Assign 2 - On Sorting

CIS 501
Spring 2003

Assignment Number 02
On Sorting

Reading:
Complete the reading specified in Section B of the Syllabus
Exercises:
Headington and Riley - Chapter Exercises at end of Chapter 12:
#12.2a, c, h, i
#12.3
#12.4 a, c, h, i
#12.10 a and d.
Programming Project: [May be done alone or in pairs, but I want to know 1) who was given which tasks at the start and 2) who actually did what they were supposed to do. Turn the program in via e-mail along with a separate e-mail to me describing the process, including items 1 and 2) above. A copy of the paper describing the process also should be turned in to me.]
Write a program to perform a binary, 4-way (balanced) merge-sort using four files named fileA.dat, fileB.dat, fileC.dat, fileD.dat. You may assume that the following data is initially contained on fileA.dat:
67   71   61   57   59   47   41   43   37   29   31   23   17   19   13   7   11   5   2   3
Here, n = 20. Your algorithm should begin by distributing alternating runs (of length 1) to files fileC.dat and fileD.dat.
                               /------> fileC.dat
     fileA.dat -----><
                               \------> fileD.dat
Then you perform the first pass of the merge sort, by merging runs of length 1 from fileC.dat and fileD.dat to fileA.dat and fileB.dat.
   fileC.dat ------->\                 /---------> fileA.dat
                 (merge) >-------->< (distribute -- while you merge)
   fileD.dat ------->/                \---------> fileB.dat
Next, go on to pass 2, which merges runs of length 2 on fileA.dat and fileB.dat back to fileC.dat and fileD.dat.
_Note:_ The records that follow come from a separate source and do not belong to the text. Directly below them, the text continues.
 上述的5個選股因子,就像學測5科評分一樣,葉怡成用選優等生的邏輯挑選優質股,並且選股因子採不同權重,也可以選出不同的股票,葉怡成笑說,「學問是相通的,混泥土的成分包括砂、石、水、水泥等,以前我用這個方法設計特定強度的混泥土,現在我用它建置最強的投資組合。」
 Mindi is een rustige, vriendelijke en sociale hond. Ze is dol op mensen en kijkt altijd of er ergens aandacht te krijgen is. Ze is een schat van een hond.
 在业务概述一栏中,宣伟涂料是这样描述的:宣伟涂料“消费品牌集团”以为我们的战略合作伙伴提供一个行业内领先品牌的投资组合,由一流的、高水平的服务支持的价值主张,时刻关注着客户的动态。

You continue in this fashion until you reach a pass, say pass_total, for which the merge-sort results in all the data on one file totally sorted (with the other file being empty). Note that past_total = ceil(log₂(n)), which in our example had better be 5 -- and you should be able to explain why?
Hints:

No arrays are needed here.

You may find it helpful to have separate functions for
merging runs (you may want the inner loop for this as a separate function)
displaying an entire file
displaying a run on a file (for testing purposes at least)
distributing runs from one file to another (executed once)
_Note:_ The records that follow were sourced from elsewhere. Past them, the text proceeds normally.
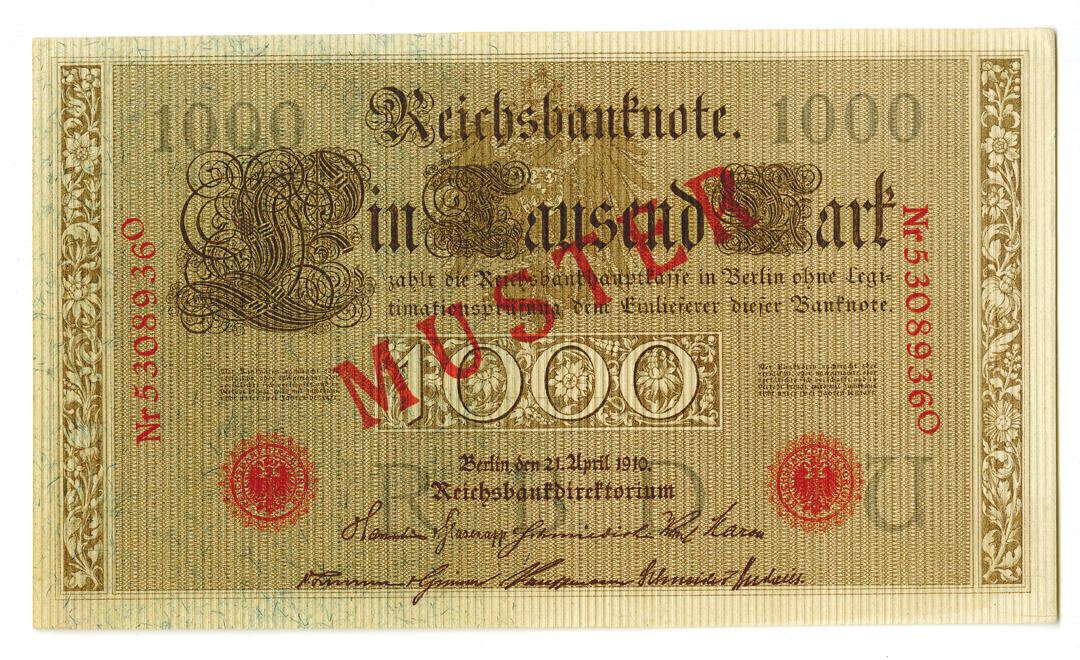 Germany. 1914. 1000 Mark, P-44s, specimen banknote, s/n 53089360 with trailing "O" floating, overprinted or hand stamped "MUSTER", The note appears Choice to Gem Uncirculated.
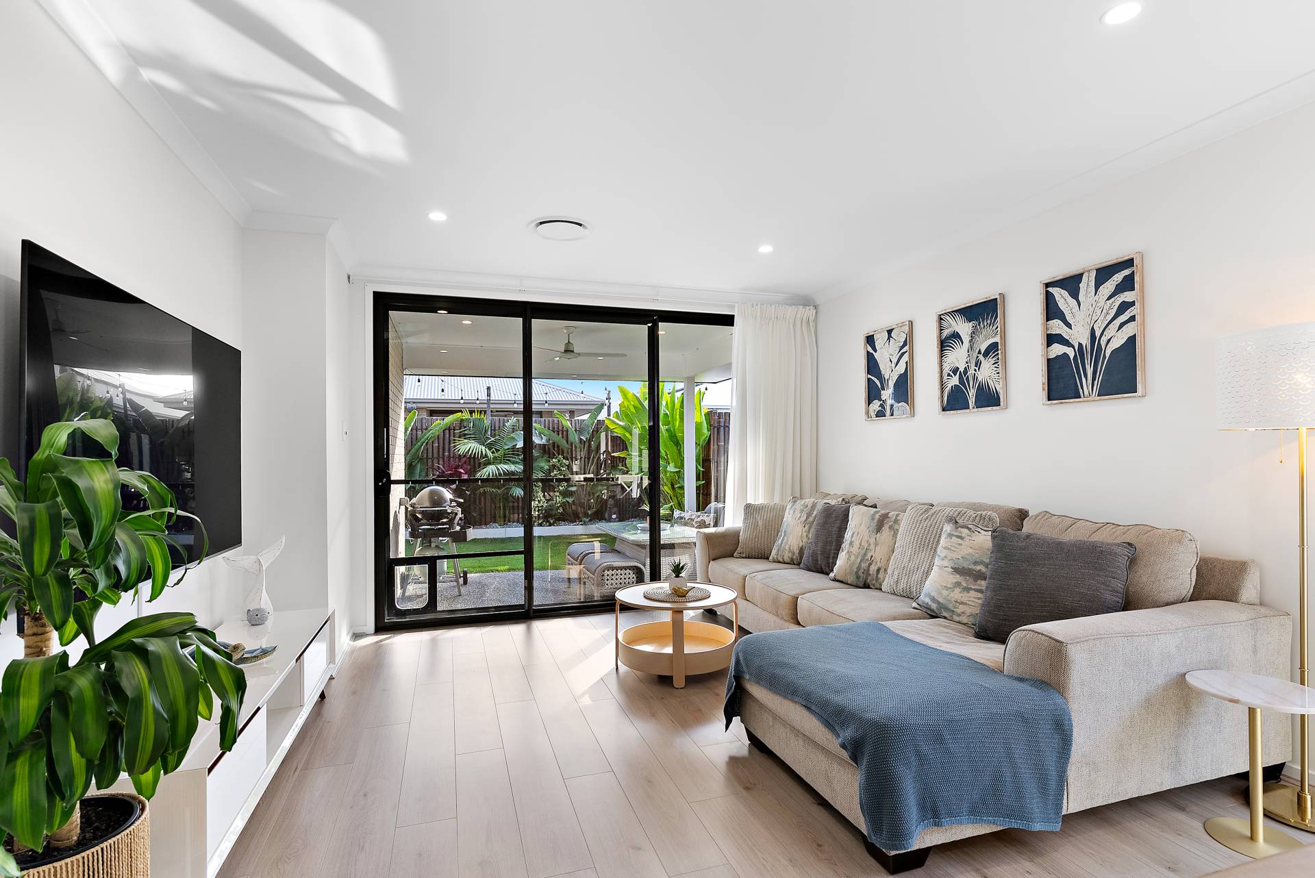 - Lounge with three-stacking sliding doors and floor-to-ceiling sheers, opening onto alfresco entertaining
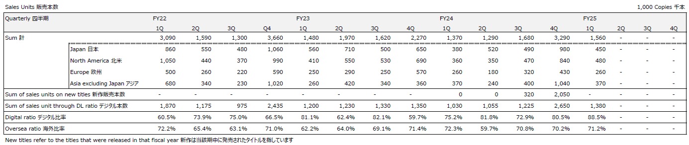 デジタル売上高比率が逆に64.3%と低くなっているのは(※デジタル版の方がフィジカル版よりパブリッシャの取り分が大きくなる為、普通は本数比率より売上高比率の方が高くなる)受託分やライセンス関連がフィジカル側に分類されているという事になっているのですが…
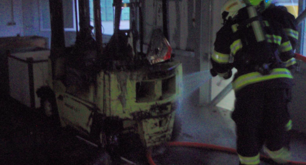 „V zakouřené hale nalezli hasiči hořící vysokozdvižný vozík. Velmi rychle se jim podařilo zamezit výraznému rozšíření, i přes to ničivé plameny zcela zničily manipulační stroj a také halovou konstrukci," uvedl mluvčí hasičů Zdeněk Hošák.
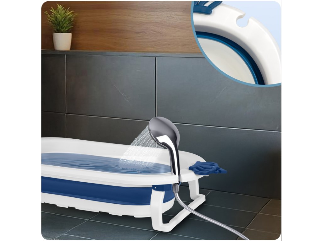 Vďaka integrovanému držiaku sprchovej rúčky je kúpanie mimoriadne pohodlné a bezpečné. Pevne pripevnená rukoväť umožňuje voľné nalievanie vody bez špliechania - jednoducho umiestnite vaňu, nalejte presne toľko, koľko potrebujete, a nasmerujte prúd v správnom uhle.
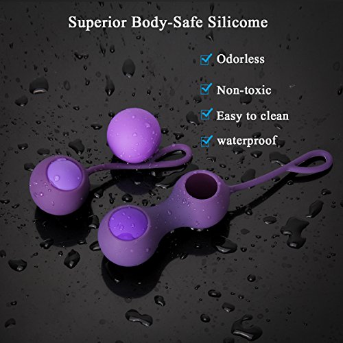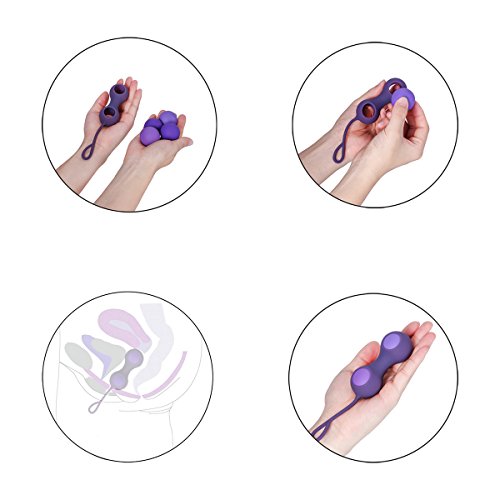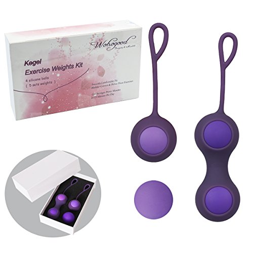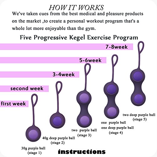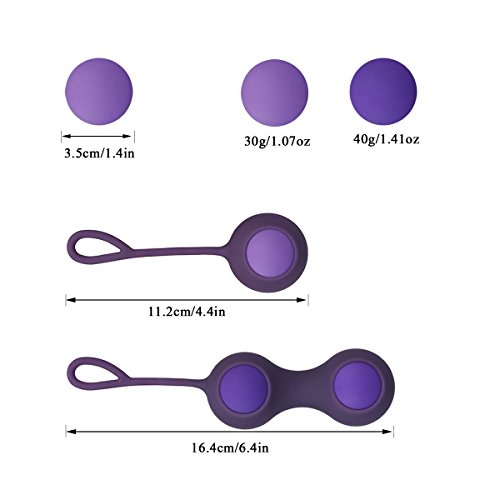 Specifications: Material:Silicone Color: Purple Color Waterproof: 100% Product Pack: One kit contains 5 weights kit Packing Included: 2x deep purple ball 2x purple ball 1x Single ring belt 1x Double ring belt 1x Instruction 1x Thanks card Doctor Recommended: Recommended by physical therapists solution for incontinence weak pelvic floor muscles: Tracy's Dog Weights kit Bladder Control Device.A luxury silicone set presented in beautiful gift packaging. A three-step system, each step has a differently shaped and weighted exerciser to help to tone your pelvic floor, which may strengthen pelvic floor muscles improving bladder control; post-pregnancy recover and overall better pelvic health. Exercise System Five progressive kegel exercis weighted kit to guide you through a full workout regime. Work your way from beginner to advanced level kegel exercises with one, easy-to-use kit.Exercise system easily integrates into your daily routine so you can regain your tightness confidence in just 30 minutes per day. Safety Information Consult your physician before attempting any exercise regimen, especially if you are pregnant or have recently given birth. Clean with warm water and antibacterial soap before and after use. Do not use during menstruations. If a lubricant is needed, use a water based lubricant only. Choking Hazard: Please keep out of the reach of children. 0

Clever use of nested loops (mainly nested for loops) will do most of the work.
Once again, the outer loop executes once for each required pass. The total number of required passes, pass_total, can even be computed ahead of time (this is not true for the natural merge-sort).
The length of a run for pass p can be computed ahead of time as len = 2^(p-1). Thus, for each inner loop, the length of each run (except perhaps for the last run in a file) is known when the pass begins. Note: len = int (pow (2, p-1))
The header for the inner for loop for pass p might look something like this:

for (int ix = 0, ix < n/2, ix = ix + len)
Within this loop you need a third nested loop which does all the dirty work. This loop (perhaps written as a separate function) merges one run of length len = 2^(p-1) from one file, with a run of the same length from the second file. (Note that the length of the resulting merged run is now 2^p). This all works fine until you get to the end of a file. where we will have a problem with the "tail sequence" of a run (that portion of a run on one file that still remains after the end-of-file has been reached on the other file).
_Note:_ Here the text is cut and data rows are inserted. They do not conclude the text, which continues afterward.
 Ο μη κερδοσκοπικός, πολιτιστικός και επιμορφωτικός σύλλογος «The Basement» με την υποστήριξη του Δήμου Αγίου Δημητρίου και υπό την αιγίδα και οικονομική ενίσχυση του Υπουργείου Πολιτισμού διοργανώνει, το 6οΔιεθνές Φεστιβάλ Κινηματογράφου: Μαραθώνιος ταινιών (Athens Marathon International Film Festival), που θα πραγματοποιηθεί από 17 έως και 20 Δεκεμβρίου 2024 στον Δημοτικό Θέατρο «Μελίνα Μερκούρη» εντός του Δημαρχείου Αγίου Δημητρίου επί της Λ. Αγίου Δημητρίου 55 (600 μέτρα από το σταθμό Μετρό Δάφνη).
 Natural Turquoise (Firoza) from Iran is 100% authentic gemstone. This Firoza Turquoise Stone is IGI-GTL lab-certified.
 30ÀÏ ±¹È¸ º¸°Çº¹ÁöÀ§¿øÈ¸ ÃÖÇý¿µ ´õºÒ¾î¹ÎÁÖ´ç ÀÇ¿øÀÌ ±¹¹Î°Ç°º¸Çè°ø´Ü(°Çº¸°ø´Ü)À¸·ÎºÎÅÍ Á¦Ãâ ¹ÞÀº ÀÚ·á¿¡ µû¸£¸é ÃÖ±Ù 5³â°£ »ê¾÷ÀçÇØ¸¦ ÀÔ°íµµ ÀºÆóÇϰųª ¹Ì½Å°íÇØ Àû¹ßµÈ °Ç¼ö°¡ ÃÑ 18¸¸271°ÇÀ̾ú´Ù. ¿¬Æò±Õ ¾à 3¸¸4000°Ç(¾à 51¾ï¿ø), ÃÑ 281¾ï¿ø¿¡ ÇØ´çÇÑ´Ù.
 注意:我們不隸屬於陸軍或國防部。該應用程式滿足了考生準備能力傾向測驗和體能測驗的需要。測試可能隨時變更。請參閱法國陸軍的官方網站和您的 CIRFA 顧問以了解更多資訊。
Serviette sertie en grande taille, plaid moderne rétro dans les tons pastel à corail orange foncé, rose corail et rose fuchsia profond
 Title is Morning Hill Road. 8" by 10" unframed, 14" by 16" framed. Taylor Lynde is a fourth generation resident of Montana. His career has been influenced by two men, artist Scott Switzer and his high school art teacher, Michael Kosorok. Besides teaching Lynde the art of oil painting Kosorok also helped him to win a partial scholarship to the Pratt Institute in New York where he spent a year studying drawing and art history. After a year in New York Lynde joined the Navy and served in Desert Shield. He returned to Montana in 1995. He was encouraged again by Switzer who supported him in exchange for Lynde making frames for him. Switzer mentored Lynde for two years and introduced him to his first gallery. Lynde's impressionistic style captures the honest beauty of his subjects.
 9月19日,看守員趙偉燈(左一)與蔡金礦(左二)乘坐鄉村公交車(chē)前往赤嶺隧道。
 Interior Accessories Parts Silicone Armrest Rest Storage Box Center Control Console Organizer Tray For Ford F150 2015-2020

We can handle a tail sequence by checking for the end-of-file before each read in the inner merge loop.
We have two simple cases to worry about:
case 1: we encounter the end of file on file 1.first.
case 2: we encounter the end of file on file 2 first.
We handle these cases in the same way. In case 1, copy the remaining data on file 2 to the file currently being used for output. In case 2, we copy the remaining data on file 1 to the current output file.

The tail copy loop completes a pass.

The best way to switch the input and output files is to use 2 true/false flags to alternately determine which of 4 calls to the inner merge to use -- for example:
// Merge a run of length len from streamA and and one from streamB
// to form a run of length 2*len written on streamD.
// Use flags such as inAB and out1.
if (inAB && !out1) inner_merge (len, streamA, streamB, streamD);

There will be lots of argument passing required, especially involving the streams to be processed. Life will be easiest if you treat each of the four streams in your program as an fstream (NOT as ifstream or ofstream).
fstream streamA, streamB, streamC, streamD;
Remember to pass these streams as type fstream& arguments.
To attach a file to a stream in a way that it can be used for read only, use the following open call ("r" specifies the file mode):
streamA.open ("fileA.dat", "r");
To attach a file for write only, use
streamA.open ("fileA.dat", "w");
Also remember that the end-of-file flag is set ONLY when you try to read past the end of a file (when you attempt to perform a read and there is no more data to be read). Only then is this flag set.
When you are finished with a particular pass ( including the distribution pass), you need be able to reuse the files again, but in different modes. To do this, you have to close each file and then reopen it in the new different mode. Thus, for example, if you have finished reading from streamA (in read mode) and now want to write to streamA, you need to do close streamA
streamA.close( );
and reopen it using
streamA.open ("fileA.dat", "w");
Don’t forget to close all files when you are done with them.

Due Date: To be determined.